Given data -
↓↓↓

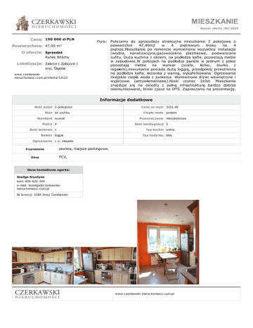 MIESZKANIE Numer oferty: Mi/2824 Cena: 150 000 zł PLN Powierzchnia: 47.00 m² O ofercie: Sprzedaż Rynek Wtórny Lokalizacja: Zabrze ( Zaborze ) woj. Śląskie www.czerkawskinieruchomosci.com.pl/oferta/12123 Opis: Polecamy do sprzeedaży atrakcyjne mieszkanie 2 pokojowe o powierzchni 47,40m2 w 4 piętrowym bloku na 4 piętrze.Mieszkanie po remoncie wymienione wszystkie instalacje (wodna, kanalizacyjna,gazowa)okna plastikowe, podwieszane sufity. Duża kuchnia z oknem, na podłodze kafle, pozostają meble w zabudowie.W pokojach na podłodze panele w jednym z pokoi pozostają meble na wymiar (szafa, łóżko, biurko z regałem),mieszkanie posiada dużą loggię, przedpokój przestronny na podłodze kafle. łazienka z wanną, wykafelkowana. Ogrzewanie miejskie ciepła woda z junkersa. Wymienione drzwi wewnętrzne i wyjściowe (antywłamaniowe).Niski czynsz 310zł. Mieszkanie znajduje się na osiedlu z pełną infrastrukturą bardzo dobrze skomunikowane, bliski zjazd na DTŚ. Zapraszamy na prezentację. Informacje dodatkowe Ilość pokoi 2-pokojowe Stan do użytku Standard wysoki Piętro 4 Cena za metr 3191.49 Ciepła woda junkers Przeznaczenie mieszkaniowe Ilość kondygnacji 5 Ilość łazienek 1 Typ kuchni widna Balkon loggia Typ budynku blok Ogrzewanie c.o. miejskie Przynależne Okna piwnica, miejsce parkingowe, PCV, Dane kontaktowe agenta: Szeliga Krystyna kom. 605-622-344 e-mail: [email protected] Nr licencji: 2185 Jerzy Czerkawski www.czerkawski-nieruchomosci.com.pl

↑↑↑
↓↓↓

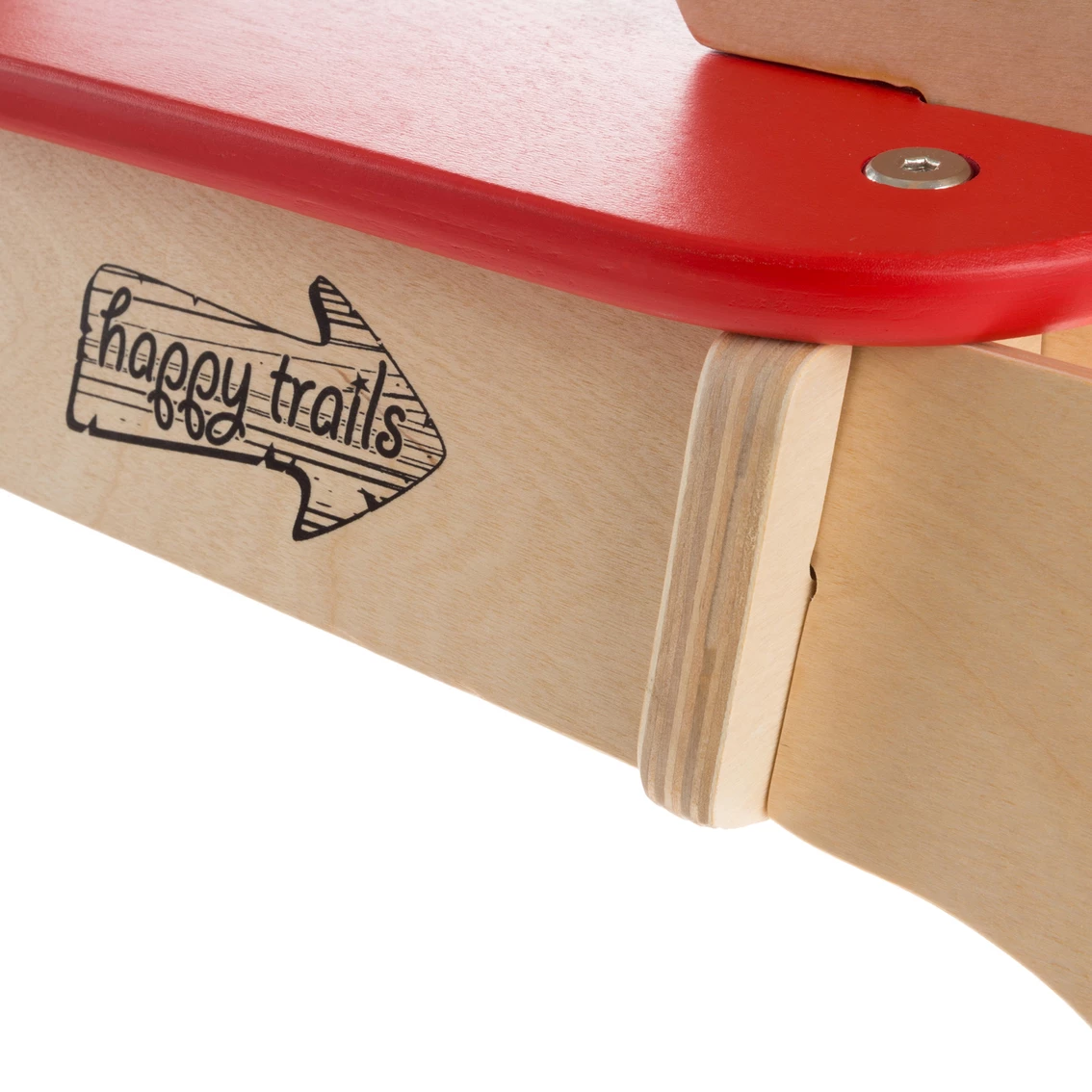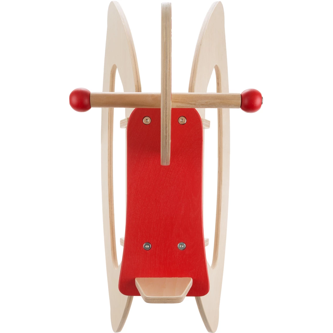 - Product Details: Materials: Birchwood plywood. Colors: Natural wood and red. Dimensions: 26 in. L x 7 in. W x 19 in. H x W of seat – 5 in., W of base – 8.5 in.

↑↑↑
↓↓↓

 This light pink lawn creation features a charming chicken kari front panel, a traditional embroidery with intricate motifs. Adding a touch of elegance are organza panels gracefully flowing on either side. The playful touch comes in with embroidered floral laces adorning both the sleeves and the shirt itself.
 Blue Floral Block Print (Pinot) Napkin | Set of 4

↑↑↑

Exercise details -
Given the records above, restate word for word only the lines starting at the one with "This light pink" and ending at the one with "Blue Floral Block".

Finished task -
 This light pink lawn creation features a charming chicken kari front panel, a traditional embroidery with intricate motifs. Adding a touch of elegance are organza panels gracefully flowing on either side. The playful touch comes in with embroidered floral laces adorning both the sleeves and the shirt itself.
 Blue Floral Block Print (Pinot) Napkin | Set of 4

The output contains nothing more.